Life as I know it

I’ve been in Zambia now for over two weeks. During that time I have:

-Beheaded a chicken with a dagger. A minute earlier we were chasing it across the yard. A few hours later, it was on the dinner table. The locavore in me is crowing gleefully. The damn rooster at 4:30 in the morning isn’t anymore. Ha, I made a chicken killing joke.

-Seen incredulously large snails, spiders, ants, dragonflies, cockroaches, lizards, and mosquitoes. These things have no business being the size that they are. And most of them have an uncanny talent for appearing when I’m squatting over an enigmatic hole in the ground in my ichimbusu (think primitive port-a-potty). I’ll bet the little iwes (kids) train them specifically for muzungu-scaring purposes.

-Greeted an entire village, every morning and again every evening. Foreigners, or muzungus, are seldom seen in rural Zambia. So a flotilla of 19 white people all riding past makes for some quality entertainment. You get used to being openly stared at constantly real quick. The littler kids literally jump up and down when they see us coming, screaming HOW ARE YOU HOW ARE YOU HOW ARE YOU. It’s not a question.

-Forgotten that I’m in Africa.

This one is perhaps the most startling of all. At one point, only a few days in country, I was sitting on the sideline of a football field watching the local football team play a neighboring village. This was a very remote village, with no paved roads for several kilometers and the grass on the field all cut by hand with scythes. The entire community was out to watch the game, and it’s a testament to Zambians’ love of football that they tore their eyes away from the fresh muzungus in attendance and toward the action on the field.

The sun was falling in the distance, splashing the horizon with brilliant hues of orange and people and red. The sounds of the women cheering and singing commingled with the shouts of men dispensing advice (some things truly are universal, am I right, ladies?) and criticizing the referees, and the players blitzed up and down the field to the cadence of the crowd. A throng of children were gathered behind us, too intimidated to come any closer, but too curious to stay away. The fading light hit the field just right, making it seem almost to glow. This is Africa, I thought to myself. It was magical.

Fast-forward two weeks, and I’m lying under my mosquito net in my mud hut on my Zambian host family’s compound, writing this post from my phone charged from the solar panel I laid out in the sun all day as we dug our first practice fish pond. I bathe using water drawn from a well and heated over an open fire. I eat my meals either with my host father or alone in their living room on the nicest servingware they own. I bike 9 kilometers each way to the nearby training center where we receive technical lessons in fish pond construction, fisheries management, and small business best practices.

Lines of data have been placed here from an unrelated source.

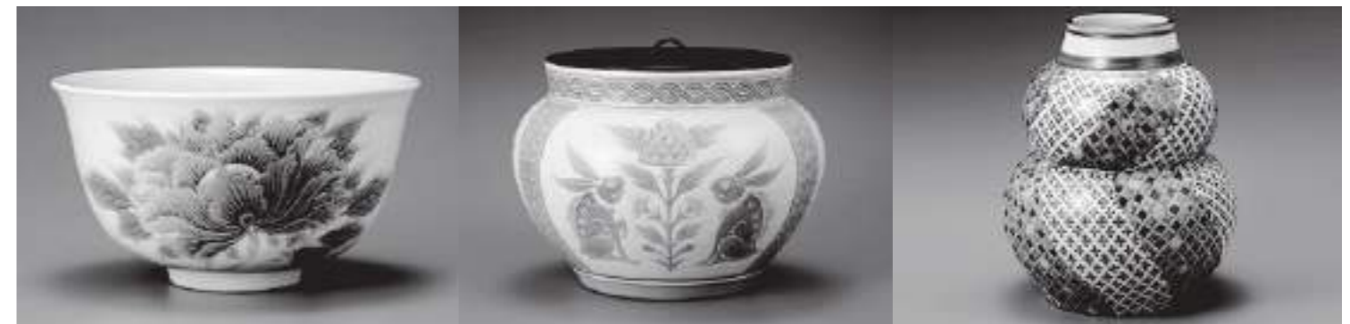
板谷 波山 茶碗牡丹文
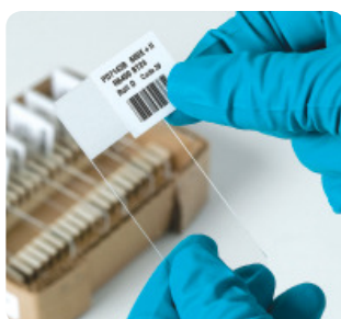
Etykiety na szkiełka
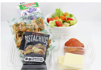
Caja de charcutería
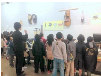
学芸員による昔の道具の説明
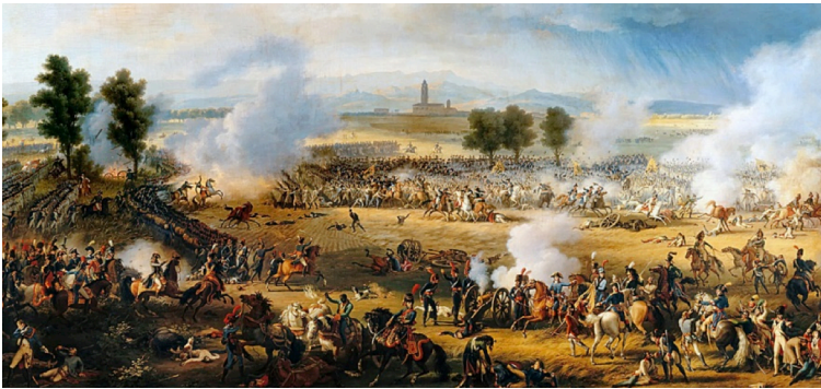
Le champ de bataille de Marengo.

Le 14 juin, il se retrouve avec son armée face aux autrichiens à Marengo .
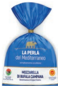
BUF315 MOZZ. BUFALA DOP 5 X 100 GR
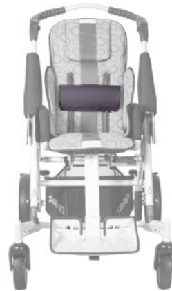
Soporte lumbar Tom5
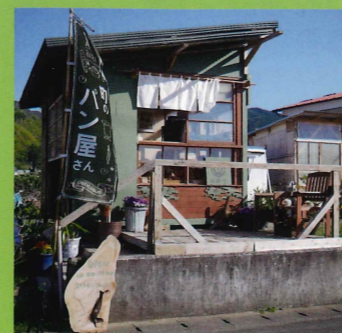
松鶴堂(しょうかくどう)
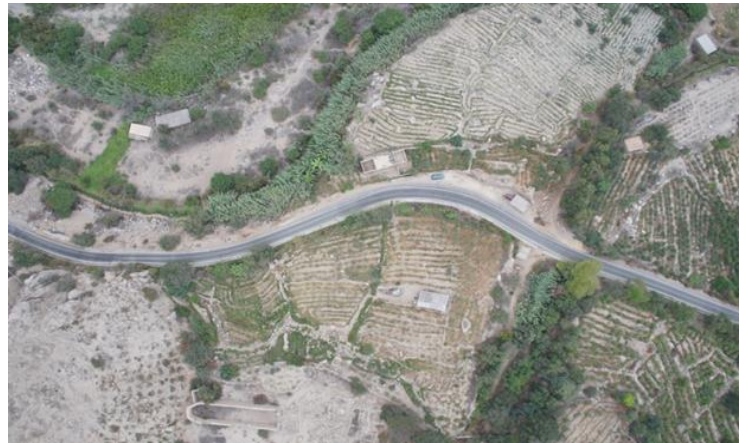
Vistas de las terrazas asociadas al sitio arqueológico Nieve Nieve. Aún está en discusión la función y el uso de las terrazas. Se especula que pueden ser desde terrazas de secado hasta campos para cultivos rituales, como la coca de la chaupi yunga
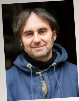
Der Autor 2017
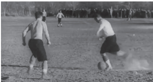
02.05.1943. Сталинград. Стадион «Азот». Эпизод «Матча на руинах Сталинграда». С мячом футболист «Динамо». Ещё за несколько дней до игры на месте футбольного сражения размещались тяжёлые дальнебойные зенитки. Динамовские спортсмены самостоятельно приводили в порядок поле (закапывали оставшиеся глубокие ямы) и ремонтировали трибуны.
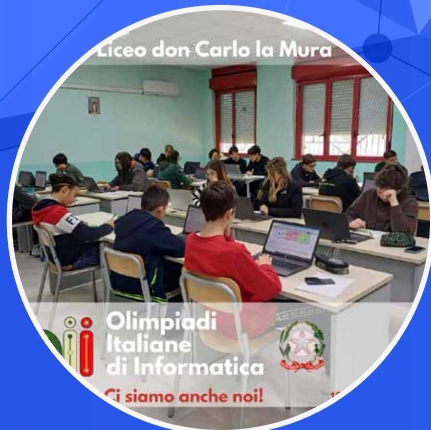
OLIMPIADI DI INFORMATICA
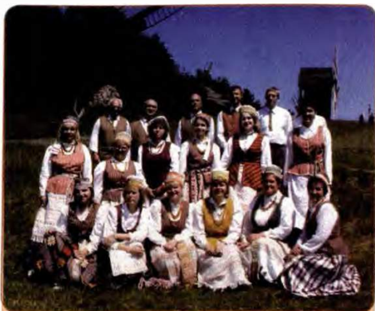
Литовський самодіяльний колектив на святі національних культур у Києві

У прийнятій 1 листопада 1991 р. Верховною Радою Декларації прав національностей України підкреслювалося, що Україна гарантує всім народам, національним групам, громадянам, що проживають на її території, рівні економічні, політичні, соціальні та культурні права.
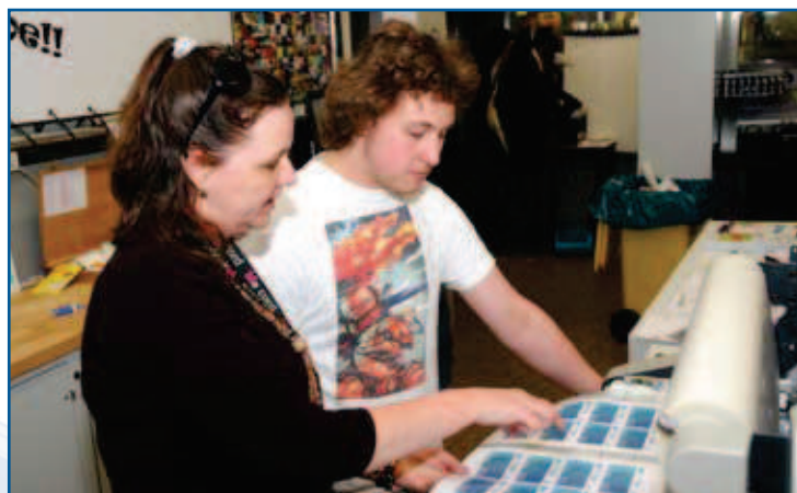
De leerlingen kunnen voor alle aspecten op school terecht
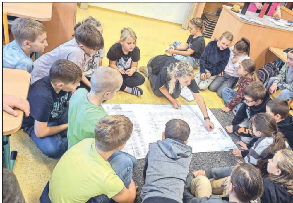
Během speciálního vzdělávacího programu mohli žáci ZŠ Lubina poznat některá specifika práce architektů.
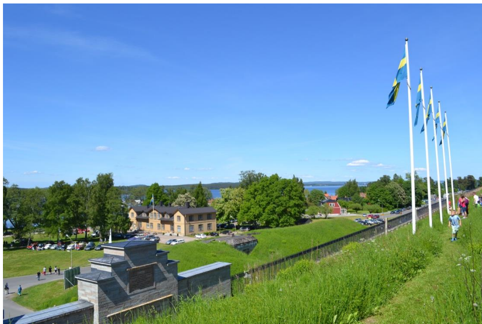
Bild 4: Utsikt från en vall på fästningen med Vättern i bakgrunden.

Försvarmakten äger vissa delar av marken inom tätorten Karlsborg. Detta påverkar de planer som kommunen kan göra då de vill forma och utveckla orten. Även om kommunen inte försökt att göra en vindkraftsplan så har de gjort ett försök att få loss mark för att bygga en ny F-9 skola. Kommunen ville att skolan skulle placeras nära sporthallen så att den kunde användas mer regelbundet och minska avståndet för eleverna vilket därigenom skulle ökat säkerheten för dem. Planerna stoppades dock av försvarmakten som inte vill tillåta att någon mark i det området används till annat än deras militära verksamhet.
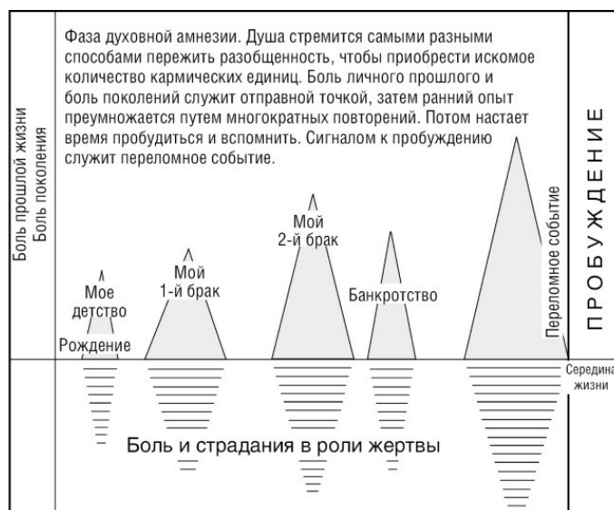
Рис. 1. Путешествие души (1)

Если вы задаетесь вопросом, на каком этапе путешествия находится ваша душа, то, по моему мнению, независимо от вашего возраста, вам не стоит читать эту книгу до того, как вы прошли точку пробуждения. В этом случае вам уже давно следовало ее отложить. Читателю нужно набрать еще много кармических единиц, прежде чем ему откроется смысл изложенной идеи.
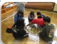
児童館にて 新春かるた大会

I study Bemba, one of the native languages spoken in Zambia, for four hours per day, six days per week.

I swelter in the heat, sweat profusely, wait for the sweat to dry, and then sweat some more. I go to the local market (think flea market, except with fleas the size of small dogs) and acquire a Zambia national football team knock-off jersey for 20 kwacha, talking the vendor down from K25. (20 kwacha is equivalent to about $4 USD; it’s the principle of the matter, okay?)  I head down a short dirt road to meet up with Lucas and Garrett to study Bemba, where we end up spending most of our time chucking a Frisbee around with my host brother Roger and Lucas’ host brother Moses instead. I feel good about myself ever so briefly for my Frisbee-throwing skills until I watch Roger and Moses juggle a football back and forth as if gravity weren’t a law, merely a suggestion.

And it’s the strangest thing; what was virtually unfathomable a month ago — heck, what was even incomprehensible last Thursday when I was deposited at my new host family’s compound with my bags and with no earthly idea how to communicate with any of the dozen people staring intently at me — is quickly turning into a new normal. The constant hyperconsciousness that I felt when I first arrived is fading. The colossal cockroaches are becoming my colossal cockroaches, the bucket baths my bucket baths, the sunsets my sunsets. And slowly but steadily, this life too is becoming my life.